It's "editor's choice" and the other front/center features that you might equate to "winning the lottery". And yeah, you can't expect that unless you've already made something huge.
Of course you can’t control if you are featured or not just like you can’t control if you get a writeup in a big publication. Doesn’t mean you shouldn’t give yourself the best chance of getting it.
Our app is free, so we aren't eager to pay for installs at any price, and paid aq is not a major channel for us. The lion's share of our new users come from organic search, social sharing, and word of mouth.
Also- thanks for taking questions and congrats on your success :)
Our growth has been remarkably steady, with minor seasonal factors. If the majority of your acquisition channels scale with the number of users (SEO, social, viral) then you should see a steady accumulation of momentum over time, even from a very small number — perhaps the low thousands.

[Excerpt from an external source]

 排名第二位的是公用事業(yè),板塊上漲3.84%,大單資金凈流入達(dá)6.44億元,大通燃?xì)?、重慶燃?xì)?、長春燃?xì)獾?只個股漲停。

We've had a strong word of mouth factor from the very beginning, but I attribute that mostly to the brand and the fact that this is an underserved market. Parents have traditionally been invisible to tech companies and they are delighted someone is finally building for them.

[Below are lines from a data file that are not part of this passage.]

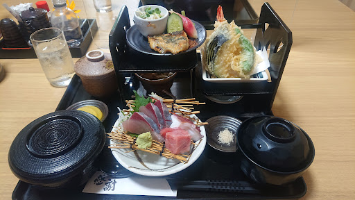 能登へ行く途中でお昼ご飯を食べようと別の所にまず行ったが満員&受付終了で、ネットで調べて見たところ口コミで評価が高かった為、七尾から戻って行きました。 13時半過ぎのためか、あまり駐車場には車がなく、中に入っていくと3~4グループくらいしかいませんでした。奥の座敷に通してもらい、あづま御膳と海鮮丼(+5種類)を注文。 提供時間は早くはないけれど、15〜20分ほど待っていた気がします。 ですが、運ばれてきたお料理を見てびっくり!これは時間もかかりますね(笑) あづま御膳は厚切りお刺身3種、さくさくの天ぷら5種ほど、手作り?のようなお豆腐、茶碗蒸し、焼き魚(鯖)、小鉢(そーめん)、味噌汁とたくさんのお料理が(^^♪ 海鮮丼も+800円でさらに豪華になっていました。 お刺身はとても新鮮で、マグロは甘くてすごく気に入りました(^...
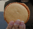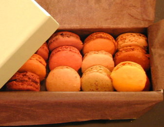 | パリのお気に入り。マカロン。 周りはメレンゲとアーモンドパウダー、砂糖、粉などを混ぜて焼いたもの。さくっとした食感です。間にクリームやジャムが挟まっています。チョコ、コーヒー、ラズベリー、レモン、ピスタチオなどなど、いろーんな味があります。 |
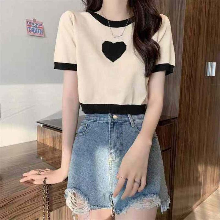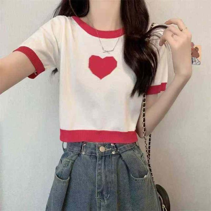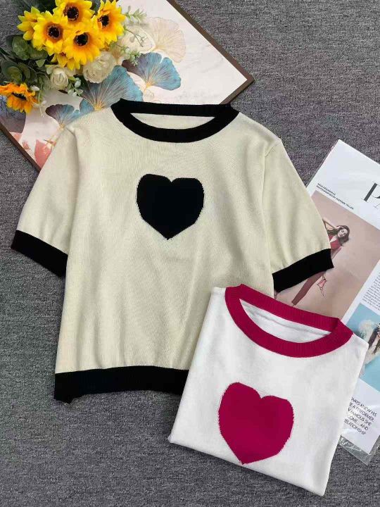 夏季新款设计感撞色爱心正肩甜辣宽松针织短袖,独立包装,均码面料柔软舒适透气,350件,全清6.9元超低价秒杀!分货加一!

This also sounds like a good link that can go on indiehackers.com
We solve an huge number of extremely important problems for our users. Some things just off the top of my head:
- Find local daycares that have spaces available, which is pretty important when you need to work
- Find a nearby restroom or changing table when you need one RIGHT NOW (and when you need one, it's usually RIGHT NOW)
- Get parenting advice in real time on just about any topic
- If you're someone who doesn't fit in with traditional parenting groups (mostly moms, mostly married, etc), connect with a community of parents like you (single parents, stay home dads, etc)

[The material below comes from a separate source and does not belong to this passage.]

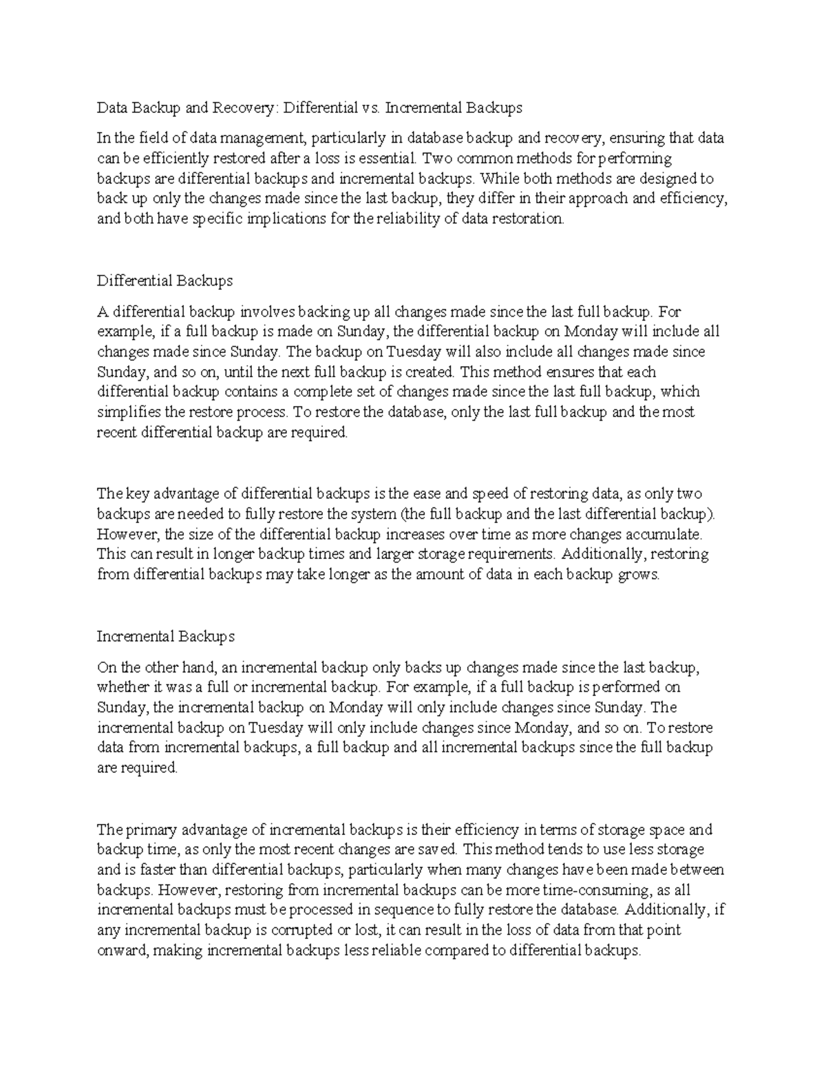 Written Assignment Unit 5 - Data Backup and Recovery: Differential vs ...

- Find places where you can nurse or pump safely
- Get suggestions for things to do with your kids, because they are bored and you need to get out of the house
- Locate family-friendly restaurants and businesses when traveling
Etc. In some ways this is actually a challenge as there's no single, dead-simple value prop that we can use. But I love Winnie. We're genuinely helping people be less stressed and more successful as parents.
I see that Winnie have great topics discussion with questions asked and answered by users.
For a new forum, there are bound to be empty-room syndromes.
How did you guys manage to kickstart discussions in the beginning? Is it all organic or is there some growth hack involved?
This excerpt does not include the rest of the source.